BM Gıda ve Tarım Örgütü'nün (FAO) hazırladığı yeni bir rapora göre, küresel gıda sistemindeki gizli maliyetler yılda 12,7 trilyon doları buluyor. 154 ülkeyi kapsayan Gıda ve Tarım Durumu raporu, maliyetlerin yüzde 70'inin sağlıkla ilgili olduğunu, dörtte birinin ise çevreyle ilgili olduğunu ve en çok etkilenenlerin düşük gelirli ülkeler olduğunu açıkladı. İşte ayrıntılar...
BM Gıda ve Tarım Örgütü açıkladı
BM FAO , küresel tarım gıda sisteminin gizli maliyetlerinin 12,7 trilyon dolara, yani dünya GSYİH'sının yaklaşık %10'una eş değer olduğunu ortaya koyan Gıda ve Tarımın Durumu adlı amiral gemisi raporunu yayınladı. Belirsizlikleri hesaba katsanız bile, gıda endüstrisinin 10 trilyon dolar veya daha fazla maliyete sahip olma ihtimali %95.
Bu da "tarımsal gıda sistemlerini dönüştürmek için karar alma süreçlerinde bu maliyetlerin dikkate alınmasının inkar edilemez derecede acil bir ihtiyaç olduğunu" vurgulamakta.
Rapor, tarım-gıda sistemlerinin değeri inkar edilemez olsa da beslenme sağlıyor, ekonomiyi sürdürüyor ve kültürel kimlikleri şekillendiriyor. Sağlık, çevresel ve sosyal etkilerinin göz ardı edilmemesi gerektiğini savunuyor.
Hesaplanan gerçek maliyetler piyasa, kurumsal ve politika düzeyindeki başarısızlıkları temsil ediyor ve rapor iki aşamalı bir değerlendirme öneriyor.
İlk adım, farkındalığı artırmak için ulusal düzeydeki gerçek maliyet muhasebesine güvenmek ve ardından daha derinlemesine ve hedefe yönelik değerlendirmeler yapmak.
FAO'nun hesaplanan maliyetleri, farklı gelir ve fiyatlara sahip ülkelerin yaşam standartlarını karşılaştırmaya yönelik bir yöntem olan 2020 satın alma gücü paritesi dolarını kullanıyor.
Sağlık, gıdanın gizli maaliyetlerinin en büyük etkeni
En büyük gizli parasal etki sağlıktan kaynaklanıyor. 2020'de ölçülen gizli maliyetlerin %73'ü, obeziteye ve bulaşıcı olmayan hastalıklara yol açan ve iş gücü verimliliği kayıplarına yol açan beslenme alışkanlıklarıyla bağlantılıydı.
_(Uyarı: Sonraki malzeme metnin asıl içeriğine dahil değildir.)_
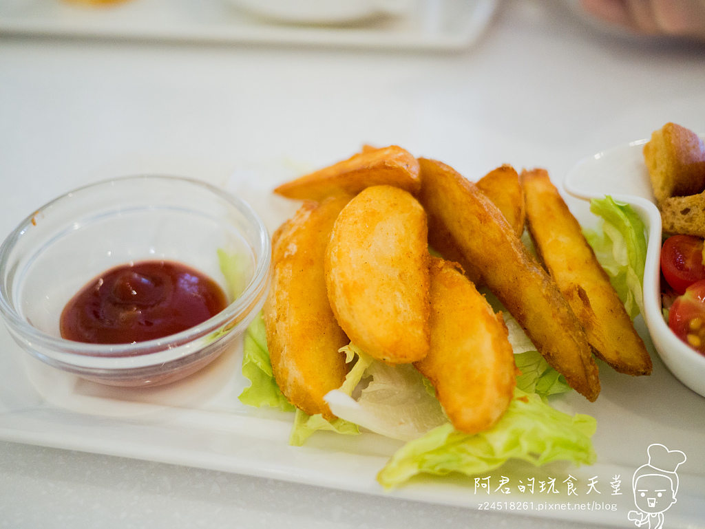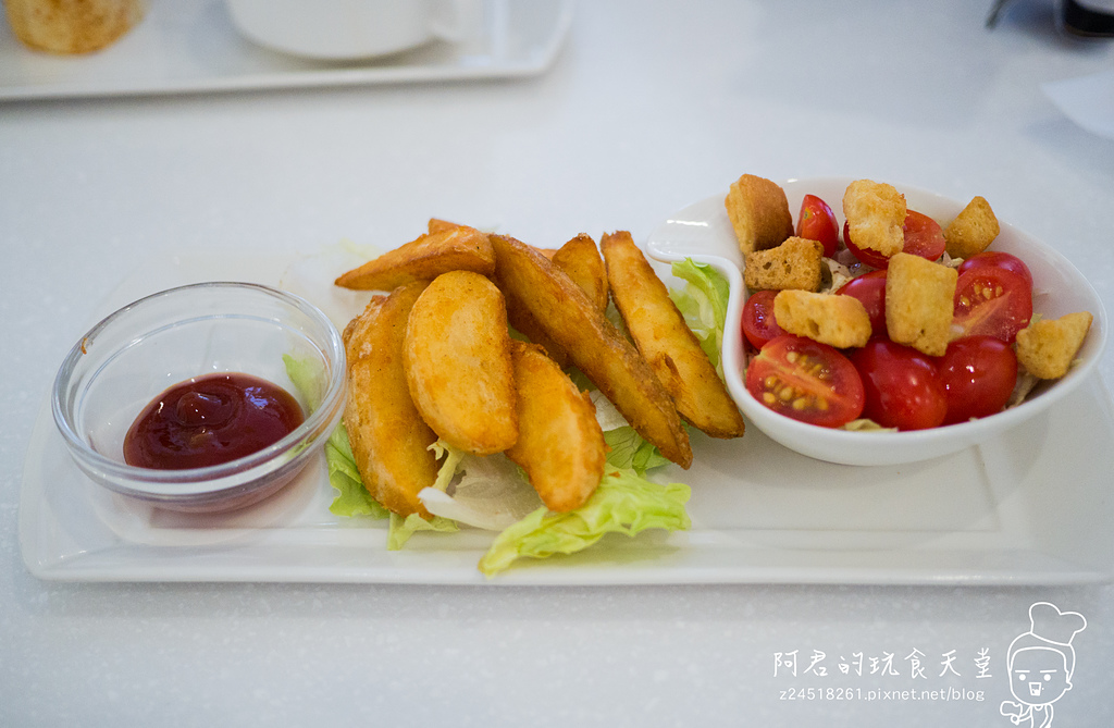 ▼生菜及炸物,這帶皮的黃金脆薯,炸得相當酥脆,切得也比較粗,口感很扎實。
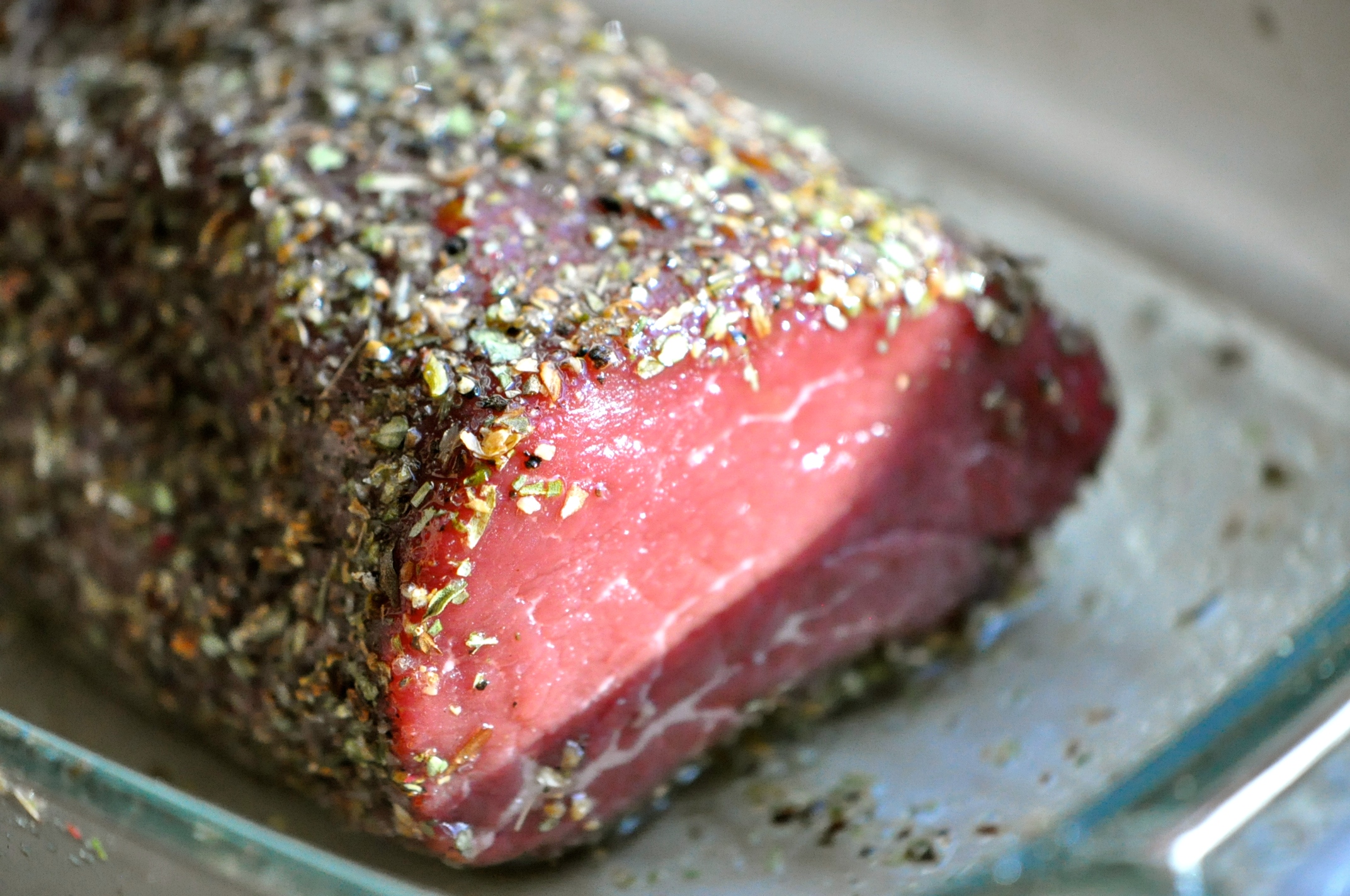 Rub the beef fillet with half the olive oil, thyme, sea salt and pepper (see small photo above of the fillet after marination). Heat a heavy based pan to high heat. Place the beef in the pan and seal on each side until a nice caramelized colour is achieved. Once the beef is cooked to your preference, place it on the side to rest. When it has cooled a little, cut it into 5mm thick slices. You will need a very sharp knife for this!
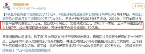 据合肥本地媒体报道,2022年,三只羊网络在抖音平台总交易额近60亿元,营业收入8.6亿元,实缴税收2亿元。2023年一季度,公司营收达3.5亿元,较2022年同期增长60倍。

2020 SAGP doları cinsinden 9 trilyon doları aşan bu sağlıkla ilgili maliyetler, ultra işlenmiş gıdalar, işlenmiş et, doymuş yağ, sodyum ve şekerin yüksek olduğu beslenmelerden kaynaklanıyor ve ekonomiyi negatif etkiliyor.
Fakat sağlıksız diyetlerin tüketimi, besleyici gıdalara ekonomik veya fiziksel erişim eksikliğiyle alakası olabilir. Bir çalışma yaklaşık üç milyar insanın sağlıklı beslenmeye erişemediğini ortaya koyarken, başka bir düşünce de gerçek gelirde bir şok meydana gelmesi durumunda bir milyar kişinin sağlıklı beslenmeye erişimini kaybetme riskiyle karşı karşıya olduğunu ortaya koyuyor.
Çevresel maliyetler %20'ye ulaşır, ancak bu eksik bir tahmin olabilir
Çevresel sebepler toplam gizli maliyetlerin %20'sini (veya 2,9 trilyon doları) oluşturuyor; FAO bu rakamın muhtemelen eksik bir tahmin olduğunu söylüyor.
Çevresel maliyetlerin yarıdan fazlası (%52) çoğunlukla yüzey sularına ve havaya amonyak emisyonlarına olmak üzere nitrojen emisyonlarıyla bağlantılı. Bunu sera gazı emisyonları (%30), arazi kullanım değişikliği maliyetleri (%14) ve su kullanımı (%4) takip ediyor. Bu maliyetler tüm gelir gruplarını ve ülkeleri etkiliyor ancak düşük gelirli ülkeler, orta ve yüksek gelirli ülkelere kıyasla iki kat daha fazla maliyete katlanıyor.